## [Exercise description]
Please retype the data below line for line and leave out every picture.

********

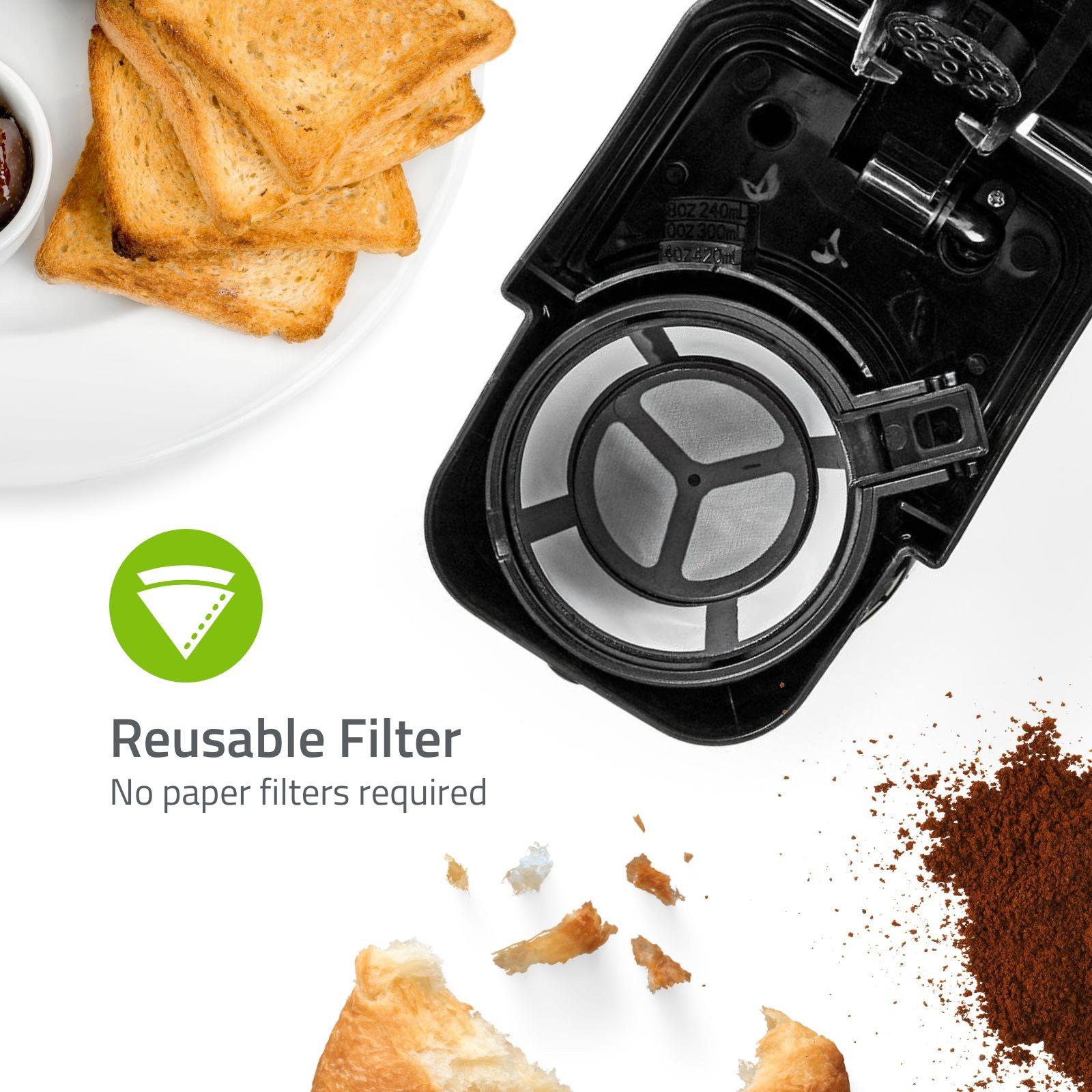 Each round serves enough coffee to fill up the included travel mug. You don’t waste time with pouring coffee from regular cups or coffee jug into your on-the-go mug, minimising the dishes as well.
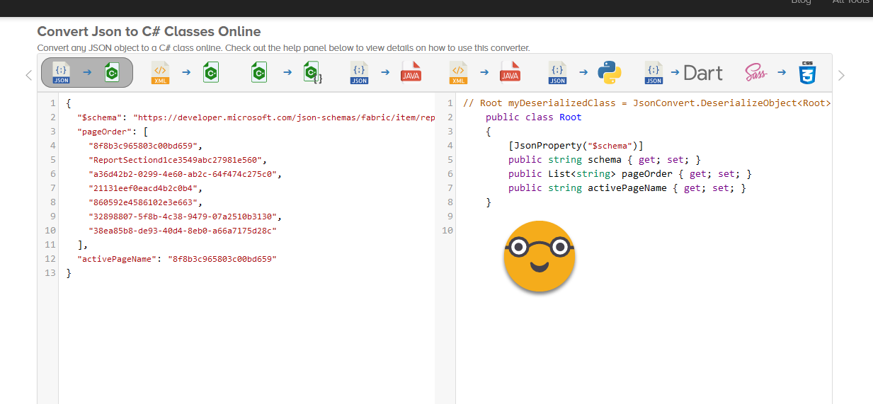 Wait, what? I have no idea on how to define a c# class! Well, me neither. But for both of us, the internet was born. Head over to https://json2csharp.com/ and paste the contents of pages.json. Just like that. Click convert and boom, you have a C# class you can use.
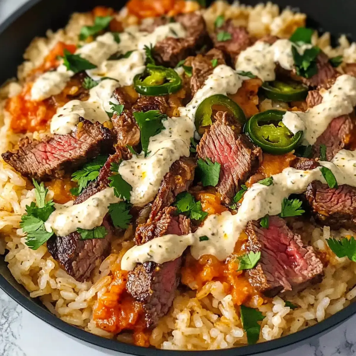 Crowd-Pleaser: Perfect for family dinners or gatherings, this Steak Queso Rice is sure to impress and satisfy even the pickiest eaters.
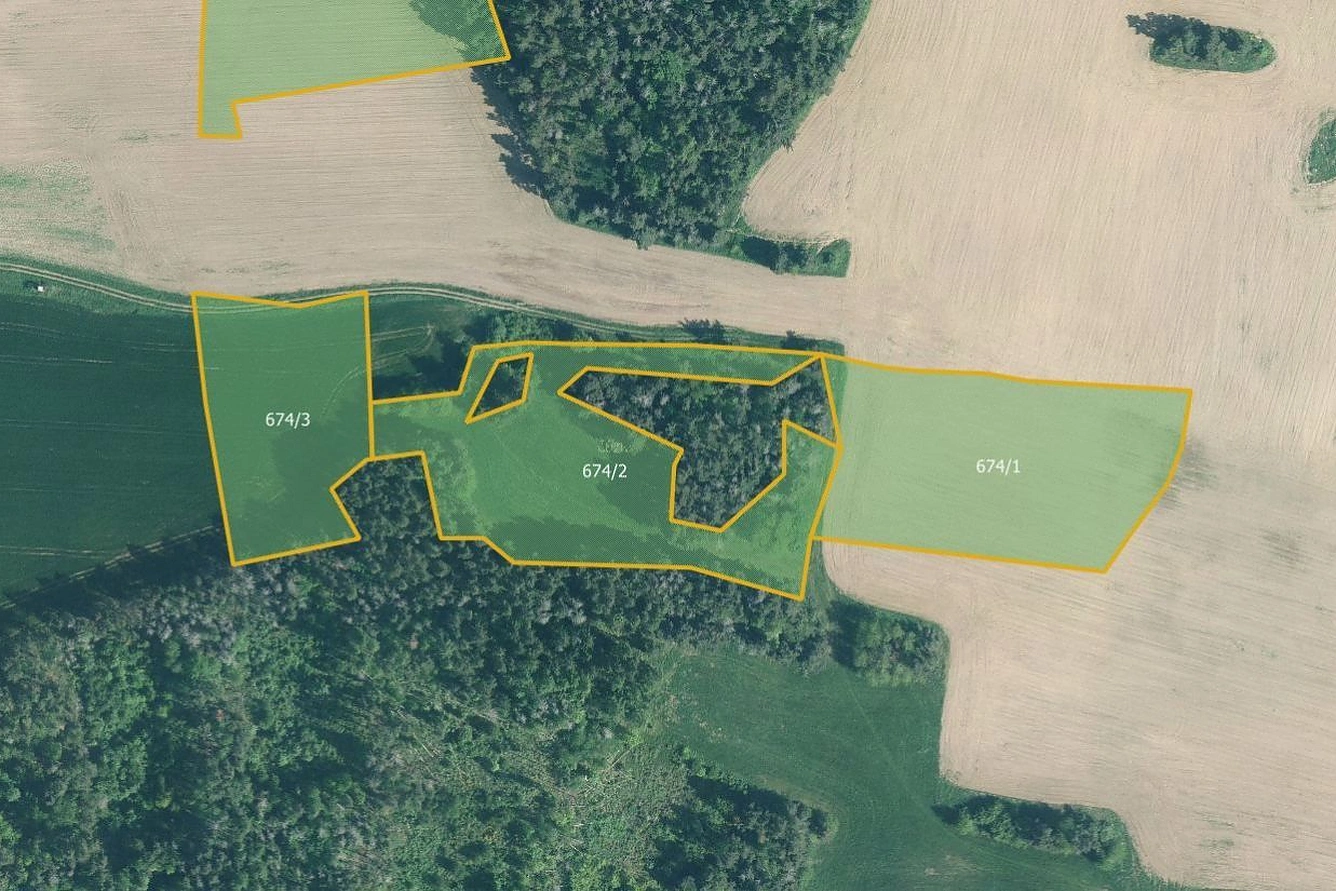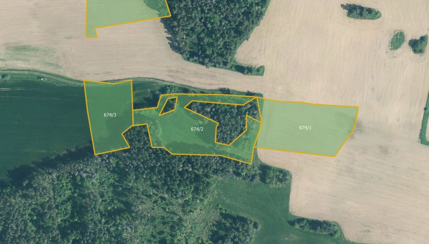 orná půda: parc. č. 674/1, 674/3 celkem 13 567 m
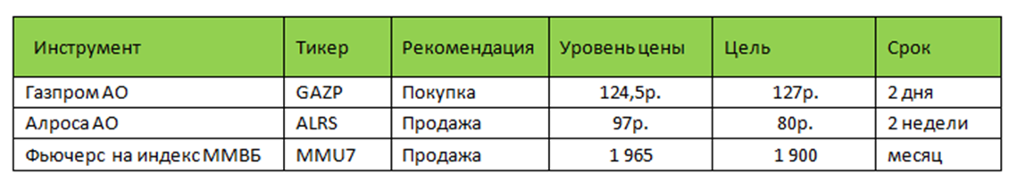 Индекс ММВБ достиг  1950 пунктов, для продолжения роста нужны новые драйверы которых не видно. На этой неделе заканчивается дивидендный сезон, Газпром имеет шансы подрасти до вторника. Далее нужно будет смотреть отчетности компаний за полугодие для оценки перспектив рынка во второй половине года, разве что дивидендные гэпы в этом году закрываются на редкость быстро и могут рынку немного помочь. Скорее всего, на котировки до конца лета будут влиять отдельные корпоративные события, наподобие новостей по Яндексу, а динамика индексов будет боковой или нисходящей. При портфельном инвестировании можно рассматривать продажу фьючерсов на индексы как хеджирующую позицию к портфелю акций.
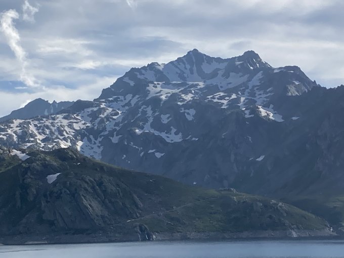 Noch viel Schnee in der Gipfelflanke, deshalb Klettern über plattige Rippe auf Gipfelgrat.
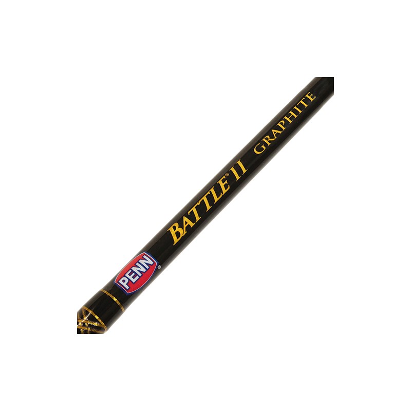 Penn's most popular spinning combo, the Penn Battle II features a Full Metal Body, side plate, and rotor for exceptional durability. The machined and anodized aluminum Superline Spool allows anglers to tie superlines directly to the spool without backing. The HT-100 drag system provides smooth drag under heavy loads. Matched with the graphite composite Battle rod with aluminum oxide guides, no fish stands a chance.
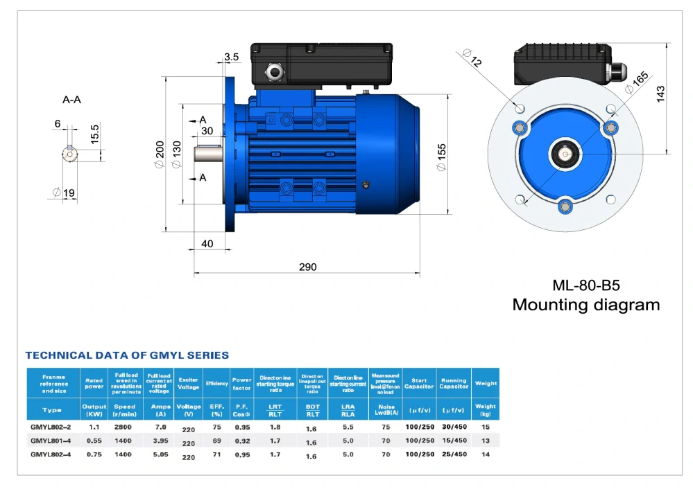 • Elektromotor ML801-4   0,55kW, 1390ot.
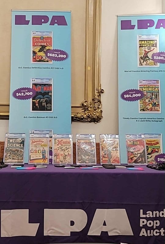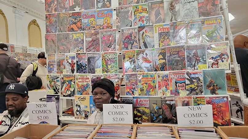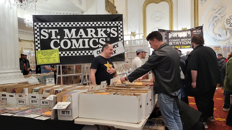 Original comic art was supplied by comic art dealers Nostalgic Investments with a beautiful selection of comic book art, and dealer Anthony’s Snyder Comic Book Art put on his usual gigantic display of both comic book art and vintage comics. The comic pressing service Spineworks offered comic pressing, grading, buying, and selling consignment services. The auction house Landry Pop Auctions was in attendance as well.
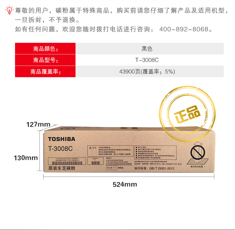 • 商品名称:东芝(TOSHIBA)T-3008C 原装碳粉墨粉(适用于e-STUDIO2508A/3008A/3508A/4508A/5008A)
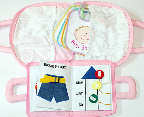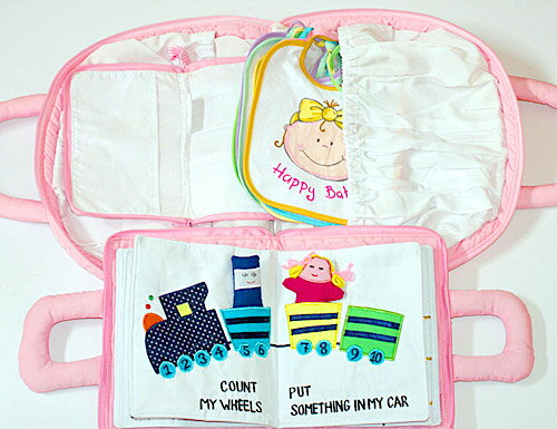 布絵本MY QUIET BOOK ベア ピンク英語刺しゅう版&マザーズバッグ"My Sweet Baby"&おまけつき ウィークリービブセットベビーフェイスマイスィートベビーギフトセット【知能開発レッスンブック】幼児教育選んで!!無料ギフトラッピング
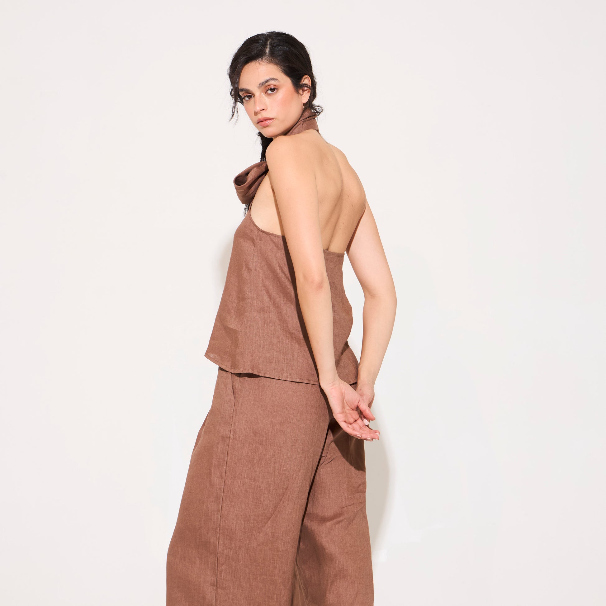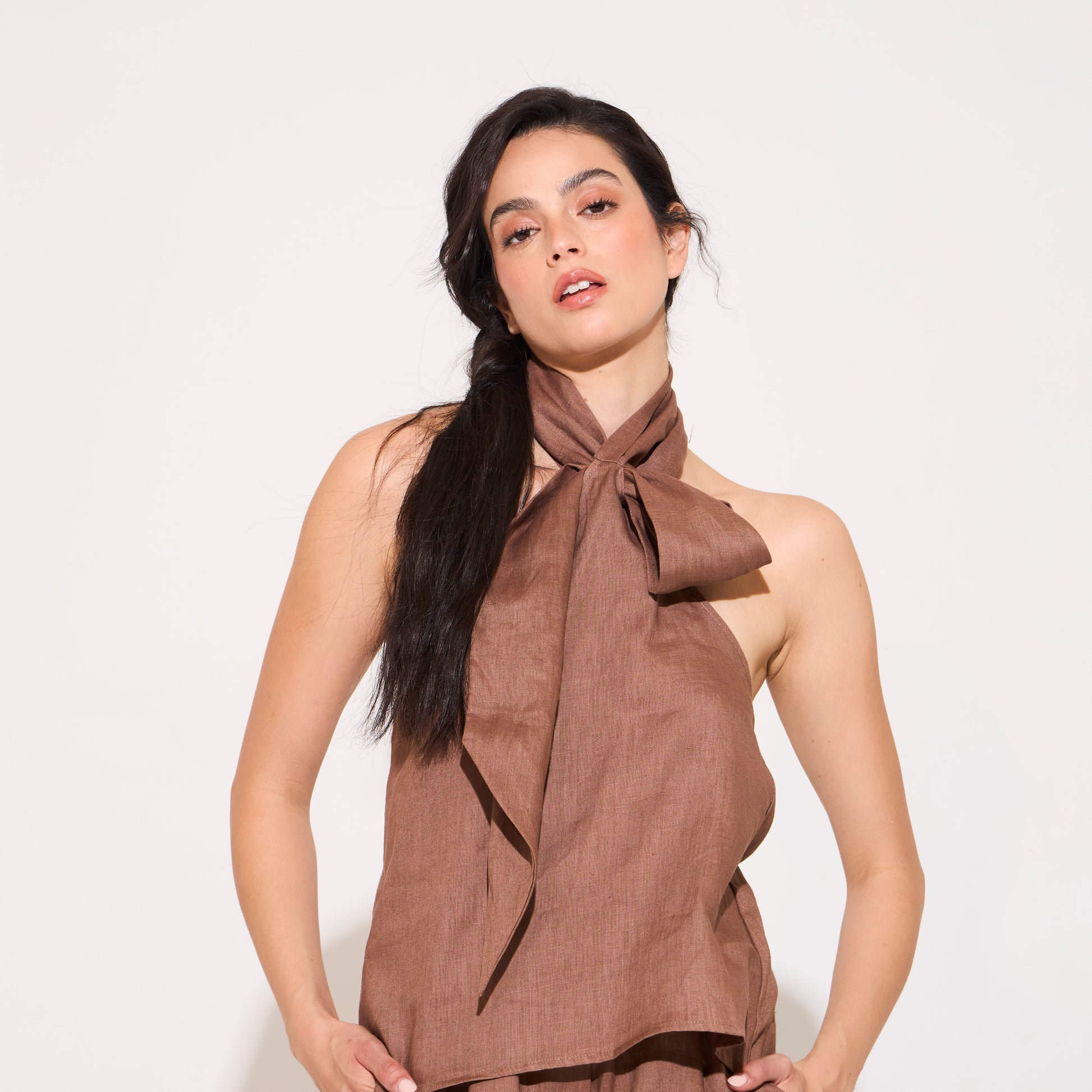 Top de lino con lazo. Silueta con terminación asimétrica y calce fluído hacia las caderas. Posee lazo con ojal en el cuello para regular. Disponible también en color Pistaccio, Off white & Stampa Fiori Yellow.
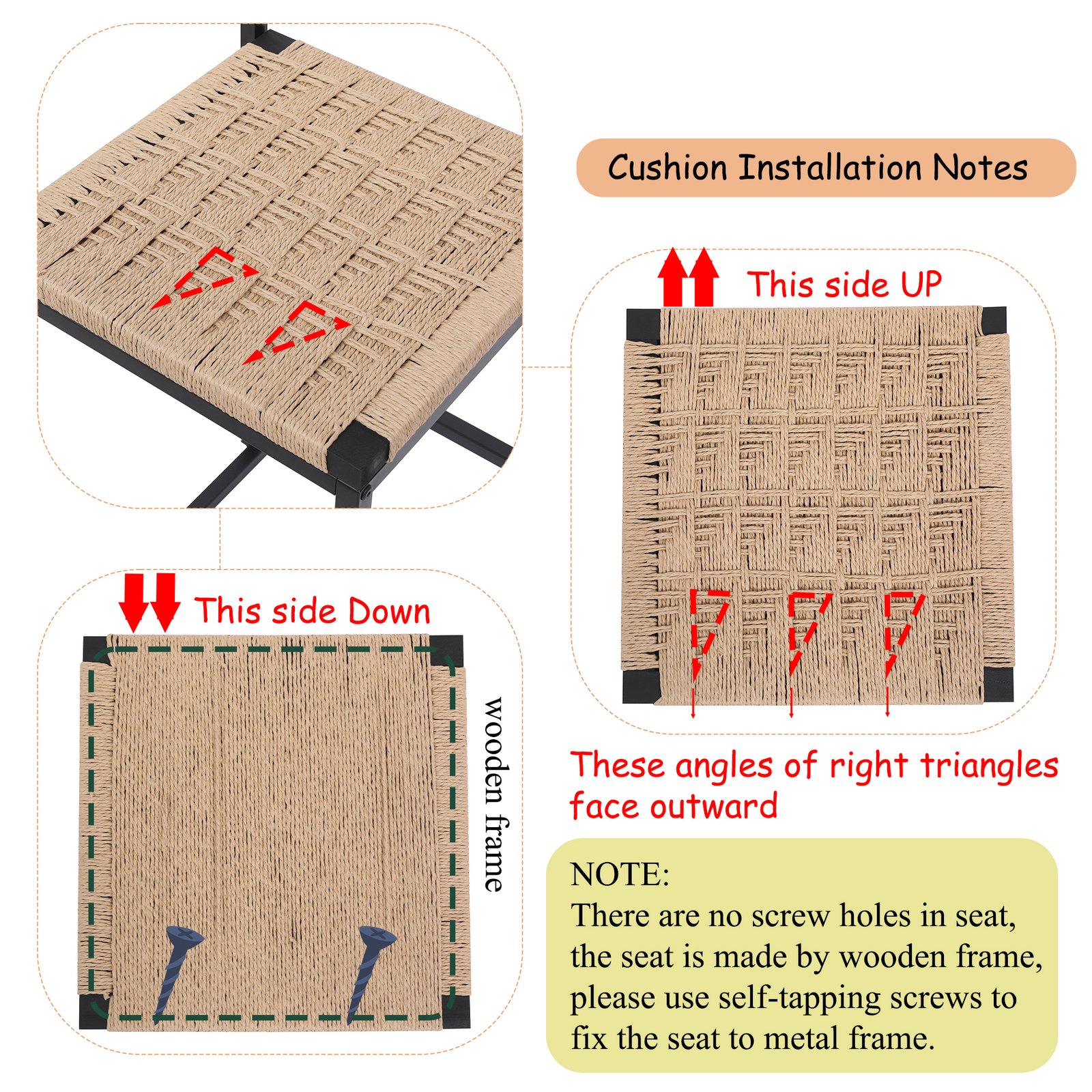 - NOTE: There are no screw holes in seat, the seat is made by wooden frame, please use self-tapping screws to fix the seat to metal frame.
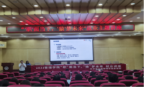 2021年5月11日下午2点公司在新校区图书馆二报告厅举办了主题为“‘职’面当下,‘猿’梦未来”的就业讲座。猿辅导HR肖赵杰、欧阳佳利,公司学办老师包海燕出席本次讲座。

********

## [Worked solution]
 Each round serves enough coffee to fill up the included travel mug. You don’t waste time with pouring coffee from regular cups or coffee jug into your on-the-go mug, minimising the dishes as well.
 Wait, what? I have no idea on how to define a c# class! Well, me neither. But for both of us, the internet was born. Head over to https://json2csharp.com/ and paste the contents of pages.json. Just like that. Click convert and boom, you have a C# class you can use.
 Crowd-Pleaser: Perfect for family dinners or gatherings, this Steak Queso Rice is sure to impress and satisfy even the pickiest eaters.
 orná půda: parc. č. 674/1, 674/3 celkem 13 567 m
 Индекс ММВБ достиг  1950 пунктов, для продолжения роста нужны новые драйверы которых не видно. На этой неделе заканчивается дивидендный сезон, Газпром имеет шансы подрасти до вторника. Далее нужно будет смотреть отчетности компаний за полугодие для оценки перспектив рынка во второй половине года, разве что дивидендные гэпы в этом году закрываются на редкость быстро и могут рынку немного помочь. Скорее всего, на котировки до конца лета будут влиять отдельные корпоративные события, наподобие новостей по Яндексу, а динамика индексов будет боковой или нисходящей. При портфельном инвестировании можно рассматривать продажу фьючерсов на индексы как хеджирующую позицию к портфелю акций.
 Noch viel Schnee in der Gipfelflanke, deshalb Klettern über plattige Rippe auf Gipfelgrat.
 Penn's most popular spinning combo, the Penn Battle II features a Full Metal Body, side plate, and rotor for exceptional durability. The machined and anodized aluminum Superline Spool allows anglers to tie superlines directly to the spool without backing. The HT-100 drag system provides smooth drag under heavy loads. Matched with the graphite composite Battle rod with aluminum oxide guides, no fish stands a chance.
 • Elektromotor ML801-4   0,55kW, 1390ot.
 Original comic art was supplied by comic art dealers Nostalgic Investments with a beautiful selection of comic book art, and dealer Anthony’s Snyder Comic Book Art put on his usual gigantic display of both comic book art and vintage comics. The comic pressing service Spineworks offered comic pressing, grading, buying, and selling consignment services. The auction house Landry Pop Auctions was in attendance as well.
 • 商品名称:东芝(TOSHIBA)T-3008C 原装碳粉墨粉(适用于e-STUDIO2508A/3008A/3508A/4508A/5008A)
 布絵本MY QUIET BOOK ベア ピンク英語刺しゅう版&マザーズバッグ"My Sweet Baby"&おまけつき ウィークリービブセットベビーフェイスマイスィートベビーギフトセット【知能開発レッスンブック】幼児教育選んで!!無料ギフトラッピング
 Top de lino con lazo. Silueta con terminación asimétrica y calce fluído hacia las caderas. Posee lazo con ojal en el cuello para regular. Disponible también en color Pistaccio, Off white & Stampa Fiori Yellow.
 - NOTE: There are no screw holes in seat, the seat is made by wooden frame, please use self-tapping screws to fix the seat to metal frame.
 2021年5月11日下午2点公司在新校区图书馆二报告厅举办了主题为“‘职’面当下,‘猿’梦未来”的就业讲座。猿辅导HR肖赵杰、欧阳佳利,公司学办老师包海燕出席本次讲座。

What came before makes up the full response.